Children of all the buildings played in Jorawar Bhuvan's compound outside the John Roberts display of furnishings and saris. The baby among them, Fram Ghaswala from Edena, was allowed extra turns at cricket and fielded sweets packets Shireen Vakil's grandmother indulgently tossed from her Kala Niketan window. Older kids lowered him into a gutter to keep properly out of sight at Hide and Seek - "We never realised those were gutters, they were that clean!" Fram says.
Dilip Kumar and Meena Kumari came to the Edena home of Dr VN Sinha, producer of the 1960 caper Kohinoor. Depressed by Devdas-type routines, Dilip Kumar was advised essaying lighter leads, as in this swashbuckler saga. To authenticate its Naushad melody, Madhuban mein Radhika naache re, he learnt the sitar and played a solo on the instrument. Even
his tragedy-inclined heroine must have smiled at their movie's hit status.

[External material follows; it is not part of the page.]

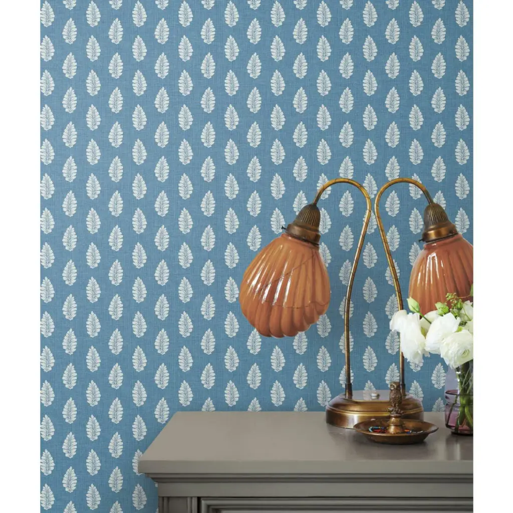 Timeless motifs combine with sophisticated color to create the playful, casual pattern mix of heritage and modern found in Grandmillennial. Manufactured on Sure Strip�, a unique high performance substrate, this ultra-easy removable wallpaper is guaranteed easy to install and easy to remove; simply use water to activate. The gentle leaves of pattern Leaf Pendant arch in stripe formation on a ground of linen woven texture. Includes 1 roll - 27 in x 27 ft = 60.75 sq ft with a straight match and 25.25 in repeat.
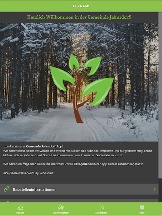 Innovation. proximity to citizens. Communication. All this is important to us as a municipal administration. We are therefore pleased to present the official Jahnsdorf app to you. We would like to give you the opportunity to contact the town hall quickly and directly. For example, you can use the "Report" function to report damage or the like as easily as never before. In addition, many other applications are waiting to be discovered by you. This app is meant to be everything but not static. We will continuously install new tools to make our community with its 4 districts even more attractive. Have fun with the App!

Fram's ophthalmic surgeon father, Kekobad Ghaswala, chose Edena over La Citadelle because its rent cost R10 less monthly (R60 to Citadelle's R70). La Citadelle was constructed with material from Simplex Tiles and Art Floorings, whose showroom fronted it. "It was built by my grandfather, Dr Ardeshir Bacha," says Parizad Feerick. "Dr Bacha's Memorial Belle Vue Nursing Home was on the fourth and fifth floors of the building which had impressive entrance pillars and interiors decorated with Burma teak. My brother, Dr Aoshnar Bacha, carried on till the nursing home's closure in 2012."
Climbing by step-angled windows up La Citadelle, I reach Sarosh Nagarvala's flat, two storeys higher than city pundit Deepak Rao's ground floor home which was earlier the residence of Bombay Superintendent of Police, O A Loveday. Alongside stood Beatrice, a Baghdadi Jew establishment tailoring women's and children's clothes.
Sarosh's father JD (Jamshed Darabshaw) Nagarvala, IP, Deputy Commissioner of Police, Special Branch, Bombay, 1947-49, was assigned direct charge of investigating the Gandhi assassination. "In the days I grew up, what you did on a sports field was more important than what you did in a classroom," says Sarosh, a boxer and athlete, renowned for his prowess at hockey and Bombay Gymkhana rugby, perfecting the art of the trailing leg and late tackle.
I'm proffered a viewpoint involving three generations of local newspaper walas. Bhupendra Upadhyay explains to his son Rakesh and me: "Every Queen's Road household subscribed to an Angrezi akhbaar by the 1930s when my father Ram Kishore started delivering papers. Mumbai Samachar and Jam-e-Jamshed circulated widely. Afterwards came a good daily. It was called mid-day."